Мысль была чёткой и ледяной, как инъекция. Она не вытеснила её и не оценила – просто позволила ей существовать, как позволяла существовать любой гипотезе до проверки. Если кровотечение активирует зоны восприятия, если мозг проецирует на нечитаемый сигнал ближайший эмоциональный шаблон, то её мозг – мозг, десять лет настроенный на поиск одного человека – спроецирует Марка. Она увидит его лицо. Услышит его голос. Почувствует его присутствие – с массой, как сказал Герман, с тяжестью в воздухе.

И это будет не он.

Это будет её мозг, отчаянно подставляющий его лицо под чужой, нечитаемый, нечеловеческий сигнал. Как Герман подставил отца. Как женщина подставила лаванду. Парейдолия. Самая жестокая форма парейдолии – не увидеть лицо в облаке, а увидеть лицо того, кого потерял, в чём-то, что не имеет лица вообще.

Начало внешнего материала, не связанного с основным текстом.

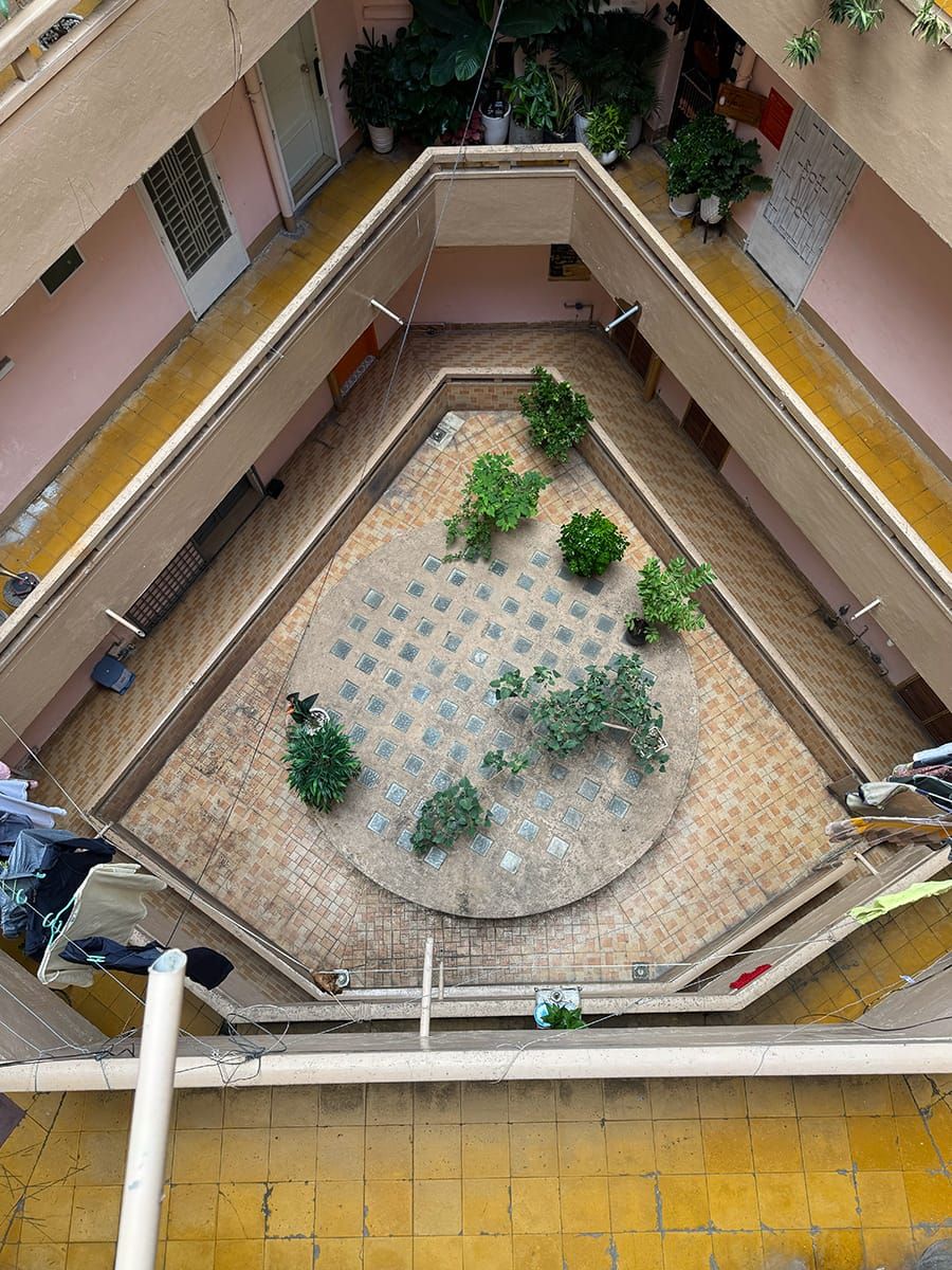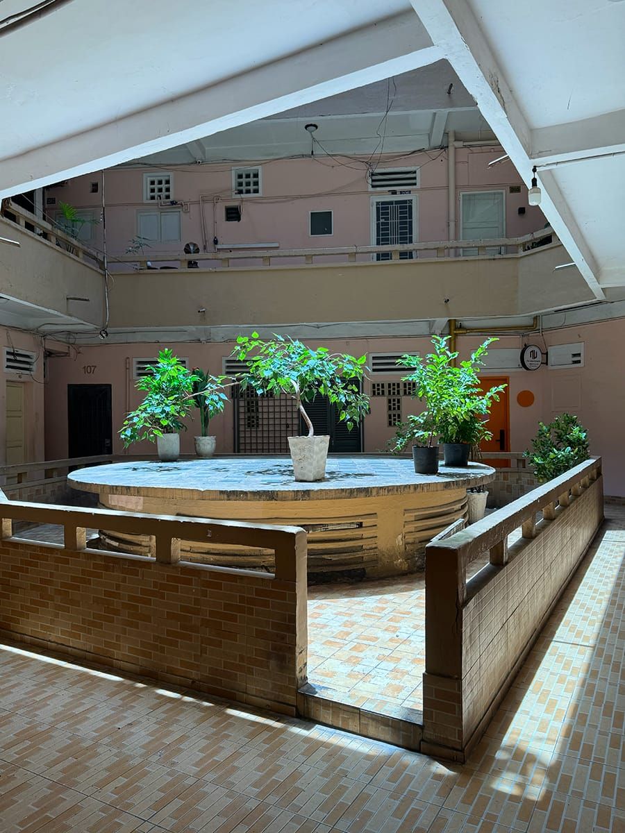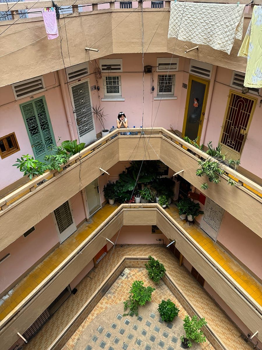 Có một sự tiếc nuối nhẹ ở chung cư này khi bên ngoài, nó hướng ra các mặt phố nhộn nhịp và giữ kín khoảng sân đẹp bí ẩn bên trong. Tuy nhiên, nơi đây không có nhiều hàng quán hay không gian để ngồi lại hàn huyên như những chung cư cũ nổi tiếng khác. Bạn chỉ bắt gặp một thư viện cộng đồng rất nhỏ, một shop áo dài, một quán bar đang được xây dựng và kem Bạch Đằng phía dưới.

Или – и эта мысль была второй, тише первой, опаснее – это будет он. Не проекция, не шаблон, а настоящий Марк, чей сигнал просачивается через кровотечение, как его голос просачивался через телефон из Кембриджа в «Аресибо-II» десять лет назад. «Люблю тебя. Налево.» Настоящий, но искажённый, как всё, что проходит через стену. И она не сможет отличить одно от другого. Проекцию от реальности. Своё горе от чужого сигнала. Потому что мозг – её мозг, любой мозг – не различает эти вещи. Для нейронов нет разницы между воспоминанием и восприятием. Разница – конвенция. Договорённость. Как лево и право.

Рин посмотрела на Лену, которая стояла у экрана, отвернувшись, и пила кофе мелкими глотками.

– Сколько добровольцев после сеансов попросили повторить? – спросила Рин.

Лена не обернулась. Её плечи на секунду напряглись – едва заметно, как если бы вопрос задел что-то, что она прикрывала мышечным корсетом.

– Все четырнадцать.

– И?

– Я отказала. Повторная экспозиция при неизученном воздействии на нервную систему – неприемлемый риск. Хассан согласился. Не из этических соображений – из практических: повреждённые добровольцы бесполезны. – Пауза. – Его формулировка, не моя.

– Но добровольцы хотели повторить.

– Герман приходил ко мне трижды. Приносил кофе. Садился, молчал, потом говорил: «Доктор Ковач, я знаю, что это был не мой отец. Я знаю, что мой мозг сделал из шума картинку. Я инженер, я понимаю, как работают системы. Но мне было шестьдесят четыре года, и я видел своего отца, и он был рядом, и воздух был тяжелее, и это были лучшие четыре секунды за последние сорок лет моей жизни. Я хочу ещё четыре секунды. Я хочу снова увидеть его лицо, даже если это лицо – ложь моего мозга. Особенно если это ложь».